Copy the lines below, word for word, from the first through the line containing "全场结束,最终北京国安1-0击败长春亚泰,近六轮不败。". Leave the pictures out.

········

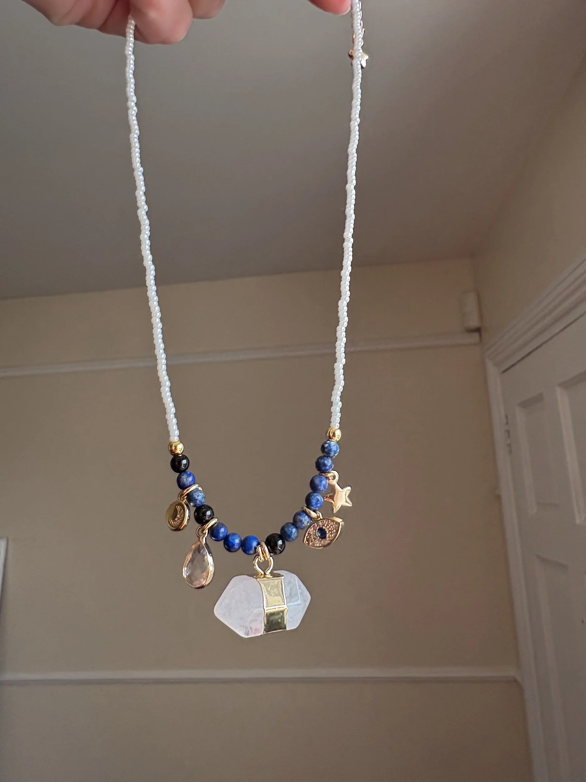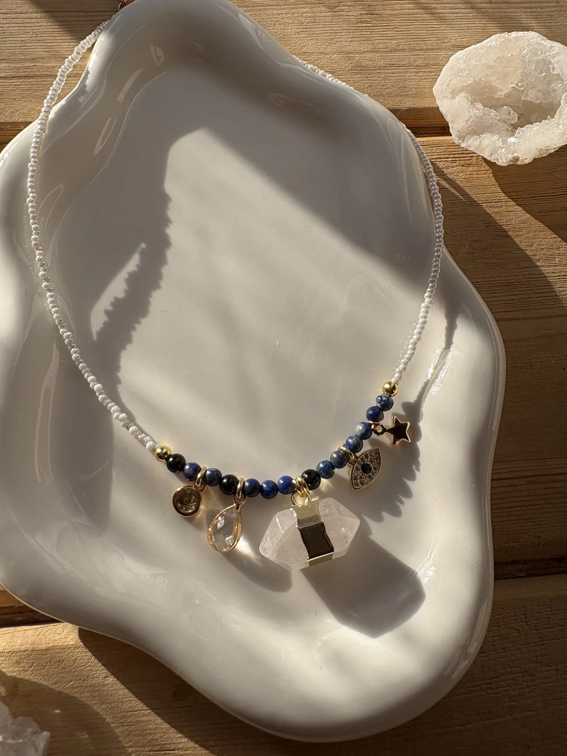 This handcrafted necklace features a striking blend of deep blue lapis lazuli beads, shimmering clear quartz, and a collection of delicate gold-tone charms that add a touch of whimsy and elegance.
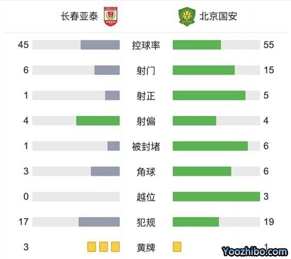 全场结束,最终北京国安1-0击败长春亚泰,近六轮不败。
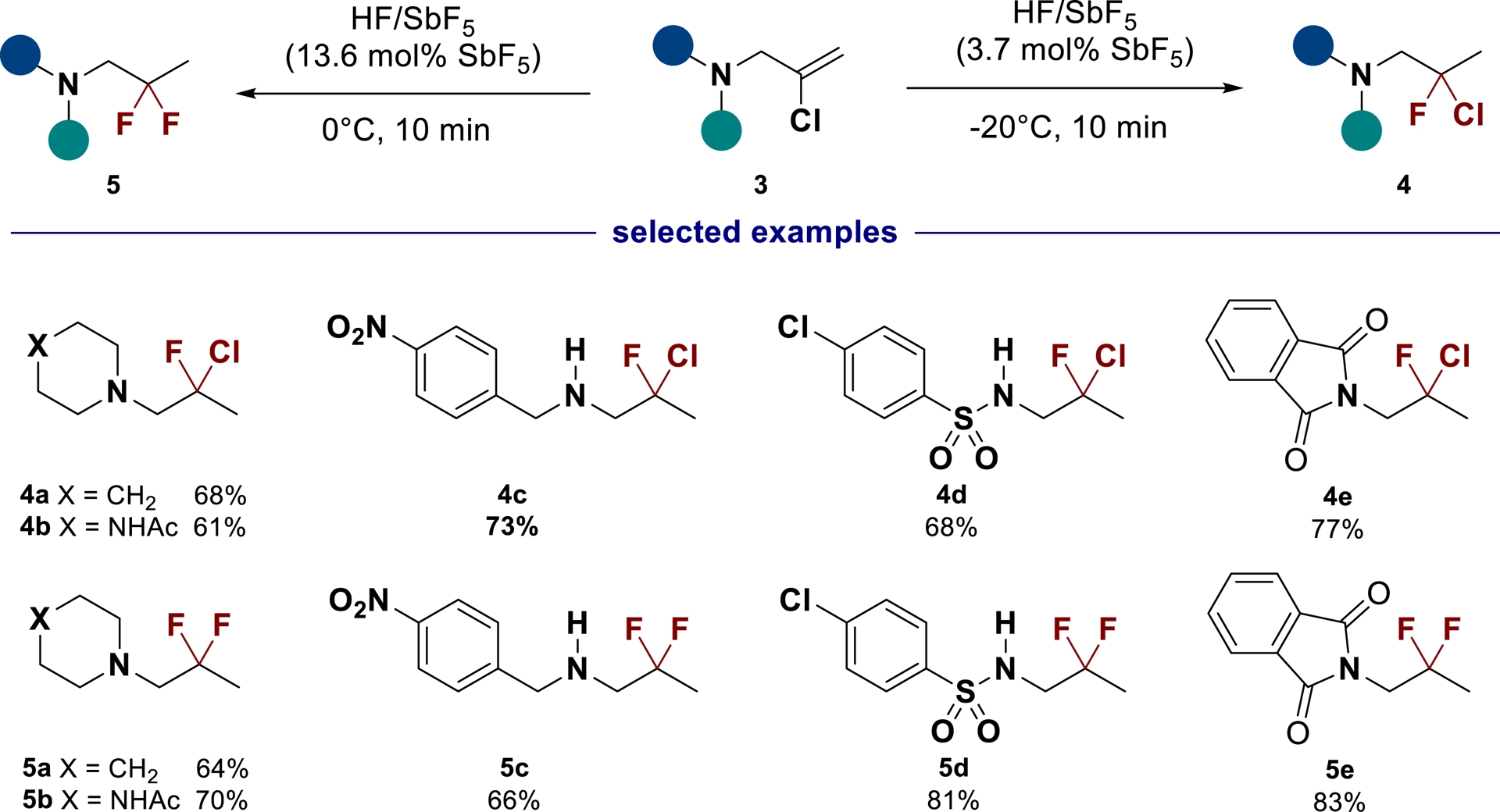 Gem-chlorofluorinated N-containing derivatives 4 (successfully applied to amines, amides, sulfonamides and imides with good yields 68–83%) at −20 °C or the corresponding gem-difluorinated products 5 under more acidic conditions at 0 °C can be easily obtained by applying the previously described method to chlorine-substituted olefins 3 (Scheme 3) [45].
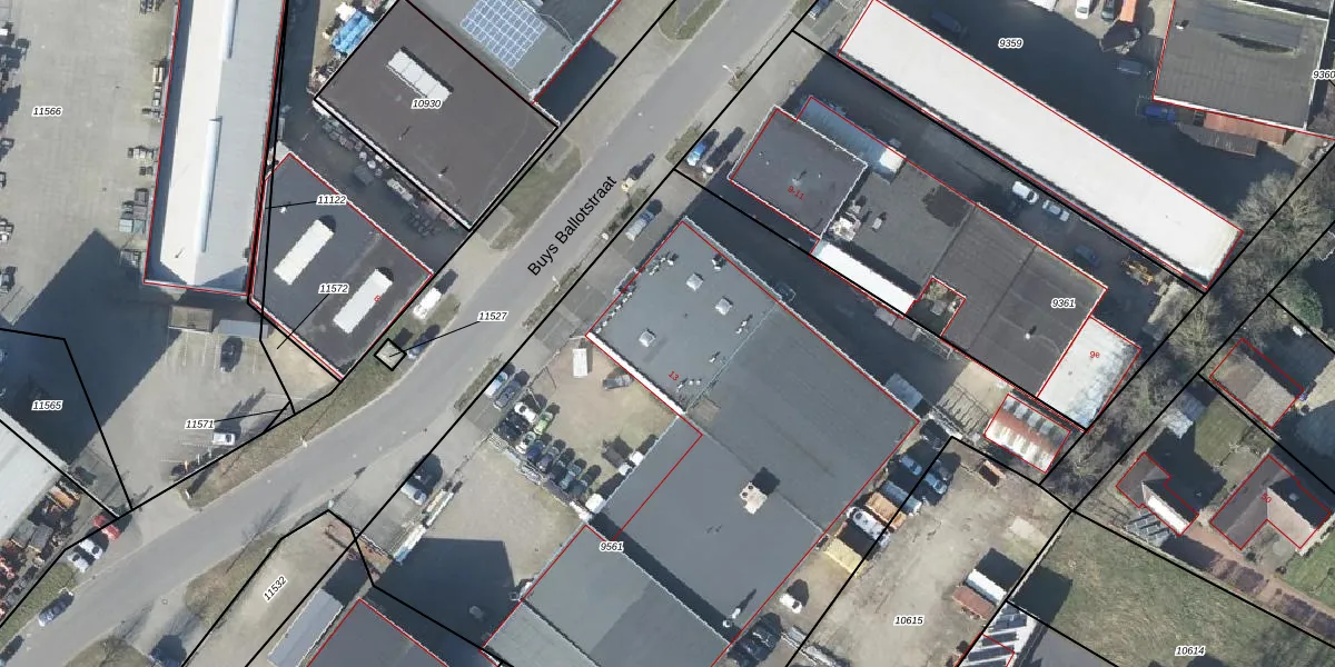 Het perceel waarop Buys Ballotstraat 13 staat heeft een oppervlakte van 4875 m². Dit is een zeer groot perceel. De perceeloppervlakte wordt geregistreerd door het Kadaster. Gedetailleerde informatie over de maten van dit perceel kunt u vinden in het rapport Kadastrale kaart met maatvoering van Buys Ballotstraat 13.
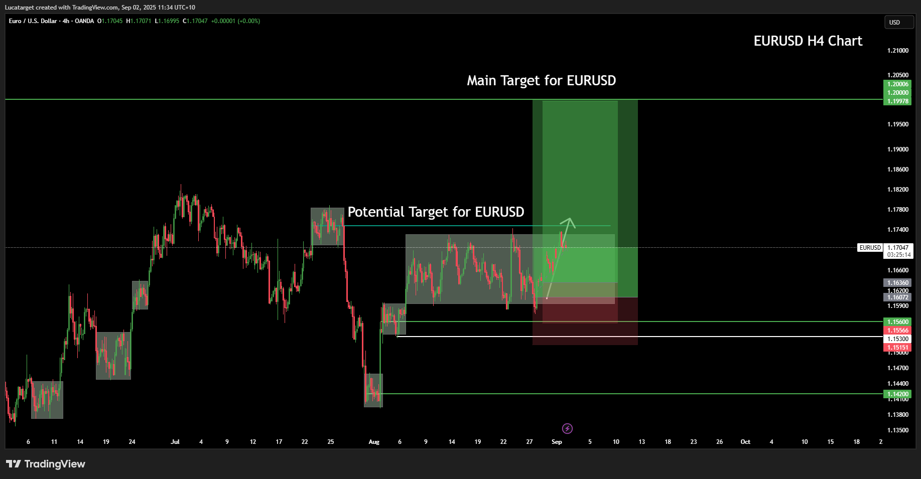 ACY Securities - Luca SantosAt the start of this week, I’ve been closely monitoring the U.S. dollar, and the tone in markets is one of persistent caution. The greenback has been losing ground, with EUR/USD trading above 1.17 and edging closer to its July highs.
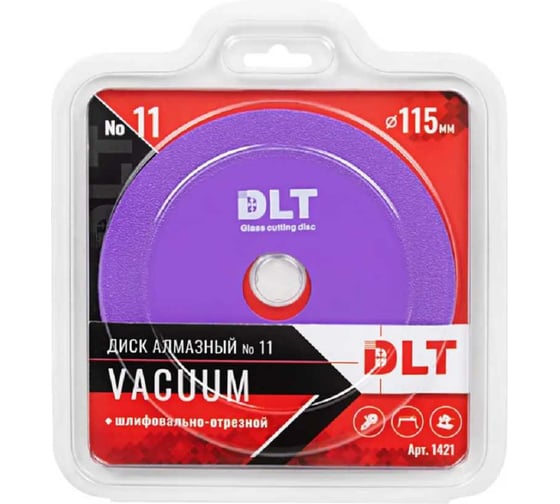 Универсальный шлифовально-отрезной алмазный диск DLT №11 VACUUM предназначен для гладкой резки, снятия фаски и шлифования стекла, нефрита, керамики, керамической плитки и других материалов, также применяется для удаления уже уложенной фуги минимизируя риск появления нежелательных сколов. За счет высокого бокового алмазного слоя в 15мм позволяет обрабатывать глазурованные материалы не повреждая поверхность и не оставляя сколов добиваясь результата сравнимого с заводским краем. Эффективен как при сухой так и при резки с охлаждающей жидкостью (использование водяного охлаждения ускоряет процесс резки и увеличивает срок службы диска).
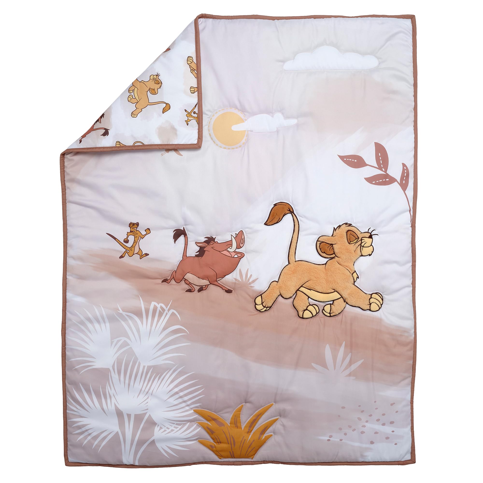 Features Simba, appliqued in a golden apricot faux fur, Pumbaa, and Timon under a golden sun and vanilla sky
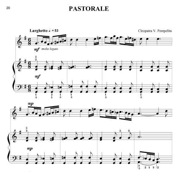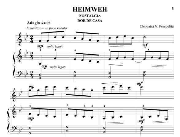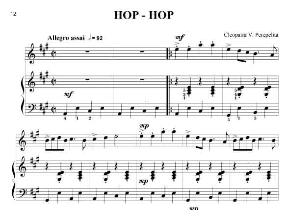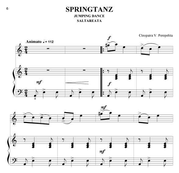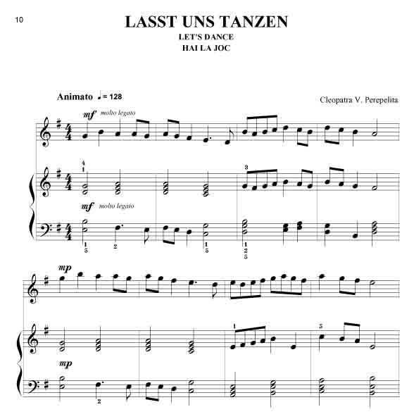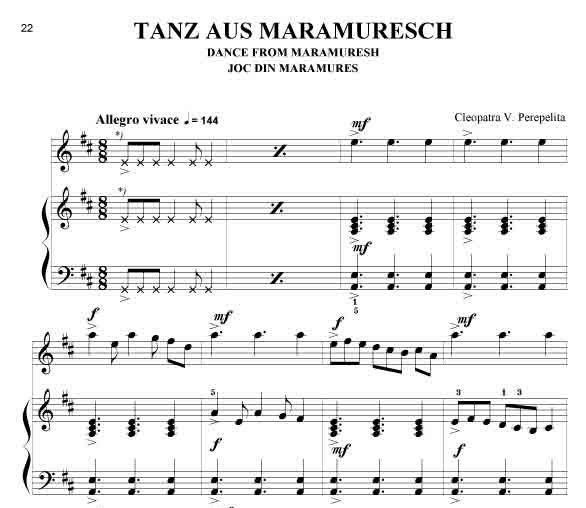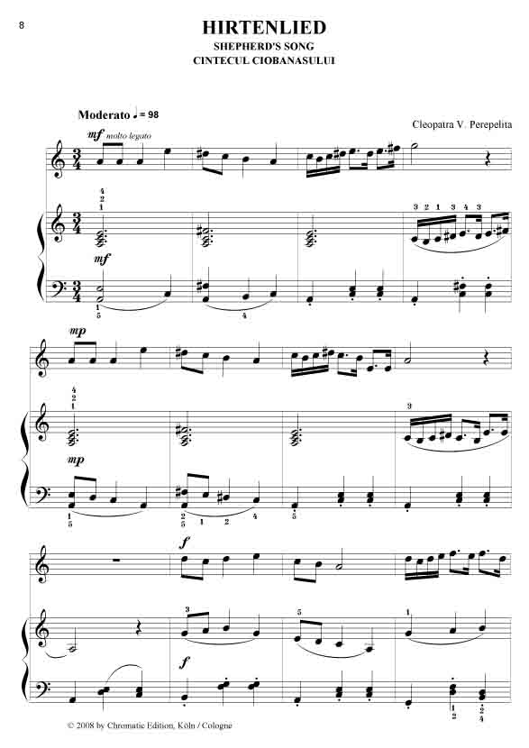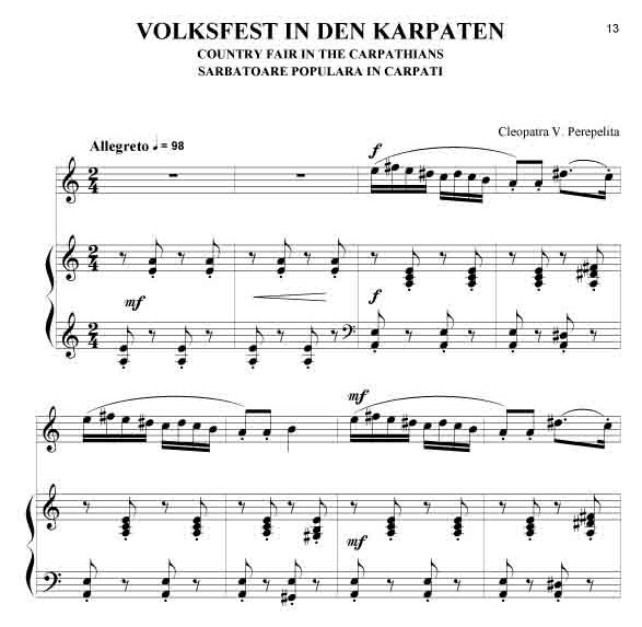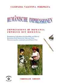 Cleopatra V. Perepelita RUMÄNISCHE IMPRESSIONEN Rumänische Volkstänze - Querflöte und Klavier Die hier vorliegenden Kompositionen und die kurze Einführung in die wichtigsten rumänischen Volkstänze und Volkslieder sind als Beitrag gedacht, diesen reichen, folkloristischen Raum bekannter zu machen. Hier sprudelt eine originelle, erfrischende Folklore, die entstanden ist aus den Rhythmen und Melodien der Ferne, verknüpft mit den Bräuchen und Traditionen der Bewohner nördlich der unteren Donau. Dieser Zyklus erscheint außer in der Klavierfassung auch in Versionen für Violine, Cello, Querflöte, Klarinette und Saxofon, sowohl als Duo wie auch als Trio. Zusätzlich sind zwischen 2008 - 2011 noch weitere Versionen erschienen: für Violine und Klavier, Violoncello und Klavier, Kontrabass und Klavier, Bratsche und Klavier, Querflöte und Klavier, Oboe und Klavier, Klarinette und Klavier sowie Trompete und Klavier. Alle Fassungen sind in der Tonart aufeinander abgestimmt, so dass sich dadurch vielfältige Möglichkeiten des Zusammenspiels ergeben. Partitur und Stimmen. Schwierigkeitsgrad: leicht bis mittelschwer.
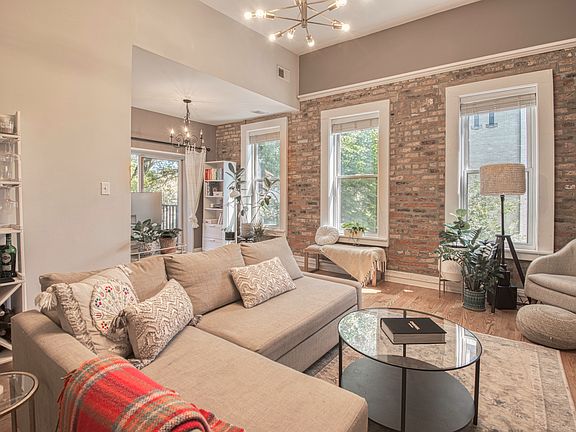 Perched on the top floor of a very quiet boutique, all-owner-occupied building, this one-of-a-kind 2-bedroom, 1-bath residence marries historic character with modern elegance. Originally built in the late 1800s, the home is set on an oversized corner lot and is flooded with natural light from south, east, and north exposures-a rare luxury in the city. Inside, exposed brick walls, 12-foot ceilings, and a stylish wood-burning fireplace create a warm, art-gallery feel-perfect for showcasing your collection. The open-concept living and dining space flows seamlessly into a chef-inspired kitchen, updated with granite counters, new stainless steel appliances, glass tile backsplash, under-cabinet lighting, and breakfast bar seating. The renovated bath is a retreat in itself, featuring marble and porcelain tile, a walk-in shower, elegant vanity, and chandelier lighting. Both bedrooms are thoughtfully designed: the primary easily accommodates a king bed and offers a full wall of custom-organized closets, while the second bedroom doubles beautifully as a guest room, office, or creative studio. A charming breakfast nook/den opens to a private side deck, fully immersed in leafy treetop views-your own urban escape. Additional highlights include oak hardwood floors, in-unit washer/dryer, private storage, landscaped common yard, and garage parking (included). The location is truly unbeatable. At Southport & Belden, you're steps from beloved neighborhood destinations: Pequod's Pizza, Sweet Mandy B's, Bird's Nest Tavern, artisanal coffee shops, and vibrant local boutiques. Parks and green space-including pickleball courts-are nearby, while Mariano's, cinemas, and convenient transit put daily essentials within minutes. Situated in the highly regarded Oscar Mayer Elementary district, this home offers both lifestyle and long-term value. A rare opportunity to own a home that blends historic Lincoln Park charm with modern sophistication-in one of Chicago's most walkable and desirable pockets. Pet friendly. Rentals allowed.
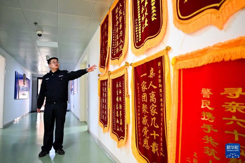 1月7日,锡林郭勒盟公安局刑侦支队刑事技术大队的许锐佳在锡林郭勒盟公安局介绍寻亲成功的“国家的孩子”赠送的锦旗。
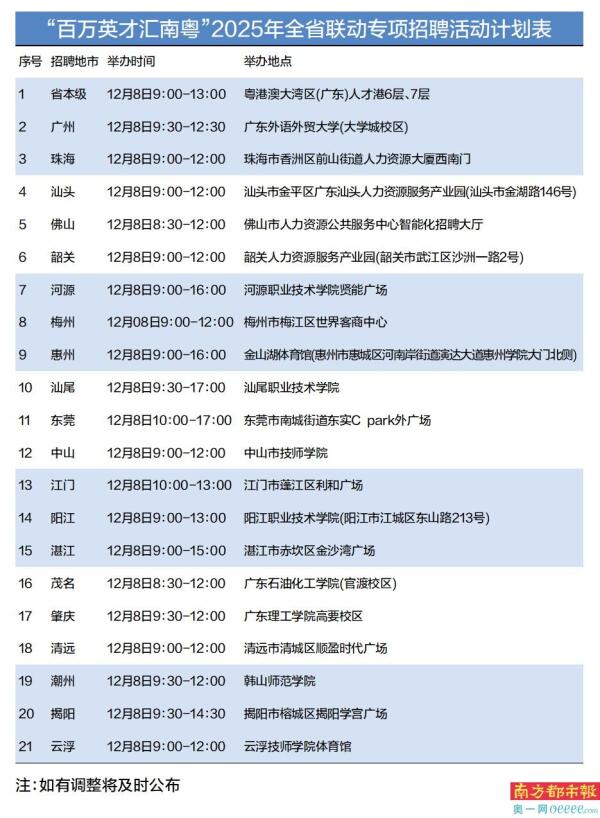 南都讯 根据“百万英才汇南粤”行动计划统一部署,聚焦年底求职关键阶段,广东将于12月8日启动“百万英才汇南粤”2025年全省联动专项招聘活动,省本级和全省20个地市将同步举办专项招聘,以“全省联动、优岗云集”的强劲势能,向全国高校毕业生发出年末“逐梦南粤”的诚意邀约。
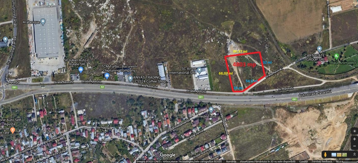 Theodor Pallady, Drumul Intre Tarlale, Arabesque, A2 - teren zona industriala, 4.803 mp, intravilan deschidere 75 ml la str Apusului care este paralele cu A2, utilitati in apropriere (curent, gaze), certificat de urbanism. Pret: 58 Euro/mp + TVA
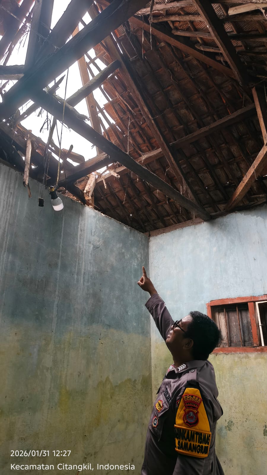 Pada pukul 12.00 WIB, Petugas Bhabinkamtibmas mendapatkan informasi bahwa ada atap rumah roboh milik Sdri. Halunah. Petugas melakukan TPTKP dan diketahui bahwa atap rumah area tengah roboh, namun tidak ada korban jiwa dalam kejadian tersebut. Rumah tersebut dihuni oleh 3 orang.

········

> **ANSWER SPACE**
 This handcrafted necklace features a striking blend of deep blue lapis lazuli beads, shimmering clear quartz, and a collection of delicate gold-tone charms that add a touch of whimsy and elegance.
 全场结束,最终北京国安1-0击败长春亚泰,近六轮不败。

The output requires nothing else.